— Скулить некогда, — огрызнулся Егор, — работать надо, кормиться…
— Эх, Егор, Егор… Не ожидал. — Федор отошел к окну, долго смотрел на улицу. Посередине проезжей части в грязи барахтались двое пьяных. Один упал, нелепо задрав ноги, а другой захотел помочь, но и сам свалился, уронив картуз в зловонную лужу, поверх которой плавали утиные перья. Мастеровые хватались друг за друга, бессмысленно хохотали, матерились, пугая редких прохожих, карабкались из грязи, но снова падали и опять пьяно хохотали.
— Погляди на этих мужиков, — позвал Афанасьев брата, — погляди… Самое страшное, что им сейчас хорошо… Они не знают другой жизни, работа отупляет, превращает в скотов. Они не знают, что даже в тюрьме не так плохо, как здесь… Кто им расскажет об этом? Кто, если не мы? Кого они послушают лучше — барина сытого и чужого или тебя, меня — своих людей, хлебнувших лиха, знающих рабочую жизнь изнутри, с донышка.

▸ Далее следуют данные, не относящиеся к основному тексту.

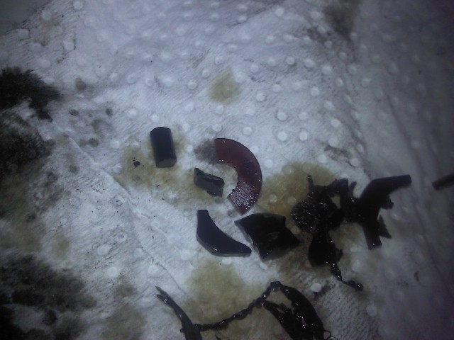 OK so I was changing my oil pan gasket today and took the cap off my oil pump and found some chunks of plastic, one of the chunks was the orange ring around the rod that drives the oil pump.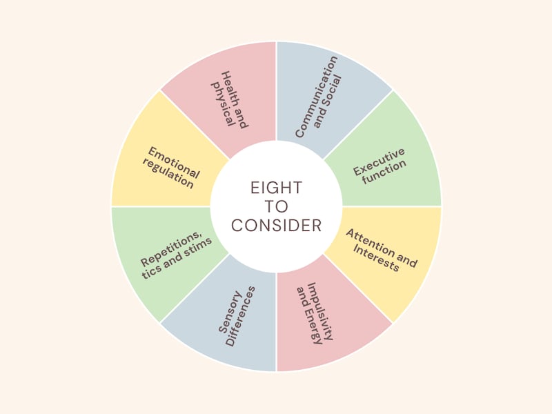 Getting a good picture of your child’s strengths and challenges is crucial to understanding and supporting them. Seeking multidisciplinary assessment from professionals such as OTs (occupational therapists), SLTs (speech and language therapists), psychologists and others can give you a broad picture of how your child manages across several domains. As a parent, you can also take time to consider your child’s strengths and needs in some different life areas.

Кто, Егор, вытащит их из этой грязи, кто научит, что есть другая жизнь, пусть не богаче, но лучше этой? Что молчишь? Думаешь, как лучше прокормиться?
— Не придирайся к слову, — вяло сказал Егор, — не злись.
— Рад бы, да не могу. — Взъерошил бороду, проведя снизу растопыренными пальцами. — Какая была доброта — тюрьмой вытравили. Вспомню, сколько времени зря теряли — в разговорах пустых, в болтовне! Вспомню — зубами скринеть хочется… Работать надо, Егор, работать! Где люди? Куда пойти на первых порах? Думал, ты скажешь, а ты, видать, норовишь в кустах отсидеться, сторонкой пройти…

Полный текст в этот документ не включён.